TAITUNG, Taiwan -- A team from Academia Sinica, Taiwan's highest research institute, has recently discovered a neolithic stone hearth in a cave in the eastern county of Taitung that has been confirmed as the earliest human relic to have been discovered in Taiwan, the Taitung county government said Friday.
After a year of investigation and research, the prehistoric archaeology research team discovered the hearth at the Basiandong (Eight Deities) Historic Site, which carbon-dating reveals to be 20,000 years old, according to an official with the county's Cultural and Tourism Bureau.
"The sample proves that humans were living in Taiwan more than 20,000 years ago, " the official quoted Tsang Chen-hua, deputy director of the Academia Sinica Institute of History and Philology, who led the research team, as saying.
In addition to the fire place, the research team has also discovered seven new caves, bringing the number of caves found at the Basiandong Historic Site to 24 from the previous 17, the Taitung official said.
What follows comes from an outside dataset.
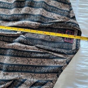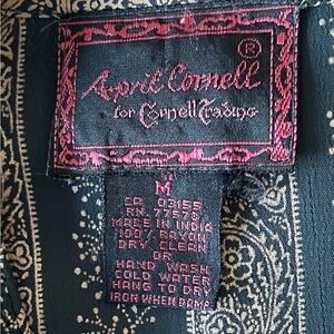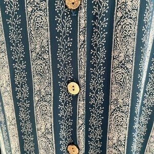 April Cornell for Cornell Trading long duster coat can be worn buttoned up (4 buttons), or open as a long duster coat. It has slits on both sides. Style it buttoned up with slim pants, flat ballet style shoes or sandals with a statement necklace, or wear it open with shorts and a tank top under it., or as a bathing suit coverup. 100% rayon, dark grey-blue with cream floral designs in a striped pattern.

According to the Taitung Cultural and Tourism Bureau, the Basiandong site attracted the attention of Japanese archaeologists during Taiwan's Japanese colonization who explored the main cave, located in a coastal cliff area in the county's Changbin township.
Between 1968 and 1969, a National Taiwan University archaeologist team led by Professor Sung Wen-hsun worked on the Basiandong Historic Site again, discovering four samples that were later carbon dated as dating back between 5,000 and 15,000 years.
To further prove the dates of the Basiandong relics, the Cabinet-level Council for cultural Planning and Development later entrusted Academia Sinica to conduct a new round of research into the site.
"The discoveries by Tsang and his team are tremendously meaningful in terms of Taiwan's neolithic archaeological research, " the official said.